This ecological region extends from Alaska south through southern Yukon, interior British Columbia and the Alberta foothills, through northern California and over into Nevada. It contains the highest mountains of North America and some of the continent’s most diverse mosaics of ecosystem types, ranging from alpine tundra to dense conifer forests to dry sagebrush and grasslands. There are major river systems, including the headwaters to both the Fraser and Columbia rivers. The basis for aggregating all this diversity into one ecological region is topographic— the chains of mountains that traverse its whole length. This region of 800,000 people is a major tourist area for skiing, hiking and other outdoor recreational pursuits. Substantial forestry and mining activity occur throughout.
This ecological region consists of extensive mountains and plateaus separated by wide valleys and lowlands. Most of these plains and valleys are covered by moraine and, to some degree, fluvial and lacustrine deposits, whereas the mountains consist largely of colluvium and rock outcrops. Numerous glacial lakes occur at higher elevations. Soils are variable, encompassing shallow soils of alpine sites and nutrient-poor forest soils of the mountain slopes, as well as soils suitable for agriculture and those rich in calcium that support natural dry grasslands.

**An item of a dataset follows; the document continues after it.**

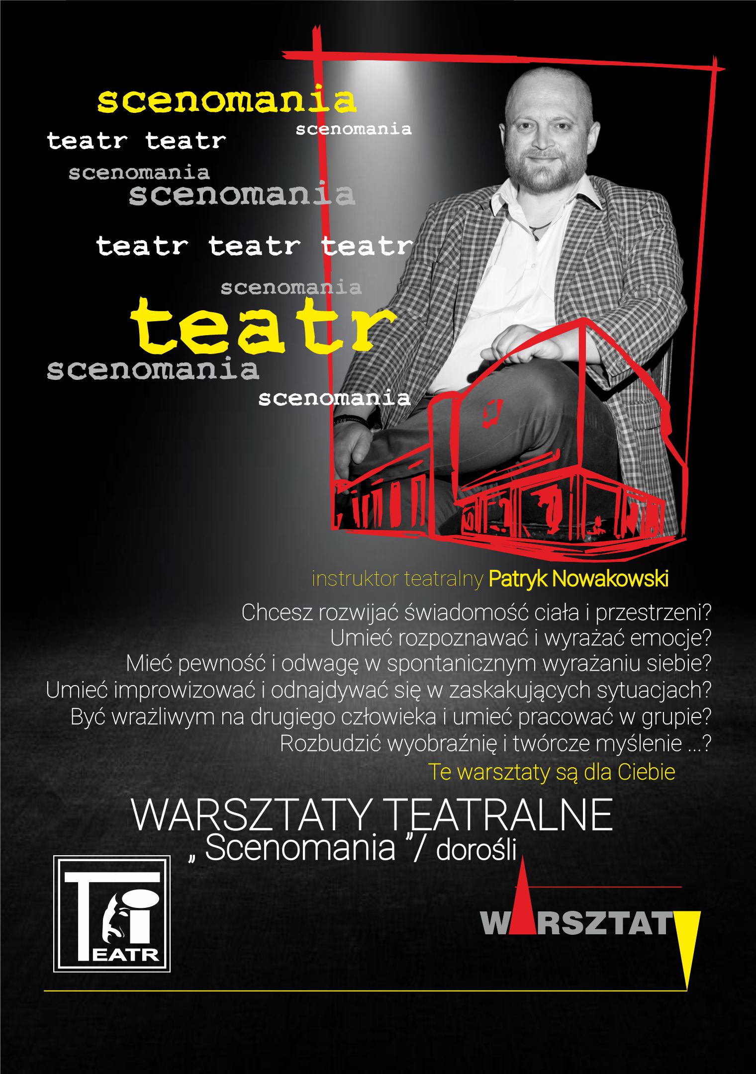 Jeżeli chcesz rozwijać : świadomość ciała i przestrzeni, umiejętność pracy w zespole, wrażliwość na drugiego człowieka, umiejętność rozpoznawania i wyrażania emocji, właściwą emisję głosu, pewność i odwagę w spontanicznym wyrażaniu siebie, umiejętność improwizacji i odnajdywania się w zaskakujących sytuacjach, rozbudzanie wyobraźni i twórczego myślenia … TE ZAJĘCIA SĄ DLA CIEBIE!

The climate is sub-arid to arid and mild in southern lower valleys, humid and cold at higher elevations within the central reaches, and cold and sub-arid in the north. Moist Pacific air and the effect of orographic rainfall control the precipitation pattern such that both rain shadows and wet belts are generated, often in close geographic proximity to each other. The rain shadow cast by the massive coast mountains results in a relatively dry climate. The Rocky Mountains also impede the westward flow of cold, continental Arctic air masses. Mean annual temperatures range between –6°C in the north to 7°C to 10°C in south. Mean summer temperatures range from 10°C to 21°C, whereas mean winter temperatures range from –23°C to 0°C. Annual precipitation varies with elevation, from 2,600 millimeters (mm) in the Cascade mountains to the north, to 400 mm in other mountainous areas, to between 250–500 mm in the valleys.
Vegetative cover is extremely diverse: alpine environments contain various herb, lichen and shrub associations; whereas the subalpine environment has tree species such as lodgepole pine, subalpine fir, silver fir, grand fir, and Engelmann spruce. With decreasing elevation, the vegetation of the mountainous slopes and rolling plains turns into forests characterized by ponderosa pine; interior Douglas fir; lodgepole pine and trembling aspen in much of the southeast and central portions; and western hemlock, western red cedar, Douglas fir and western white pine in the west and southwest. White and black spruce dominate the plateaus of the north. Shrub vegetation found in the dry southern interior includes big sagebrush, rabbit brush and antelope brush. Most of the natural grasslands that existed in the dry south have vanished, replaced by urban settlement and agriculture. Characteristic mammals include mule deer, elk, moose, mountain goat, California bighorn sheep, coyote, black and grizzly bear, hoary marmot and Columbian ground squirrel. Typical bird species include blue grouse, Steller’s jay and black-billed magpie.
Commercial forest operations have been established in many parts, particularly in the northern interior sections. Mining, oil and gas production, and tourism are the other significant activities. In the eastern Rocky and Columbia mountains, however, national and provincial parks have been established for recreational use or as reserves for wildlife habitat. It is mainly in the valleys that areas have been improved for range or are farmed. The southern valleys are important for their orchards and vineyards. More than half of the region’s 800,000 people live in cities and towns. The larger cities include Whitehorse, Prince George, Kamloops, Banff, Thedford, South Lake Tahoe, LaGrande, Kalispell, Steamboat Springs and Jackson.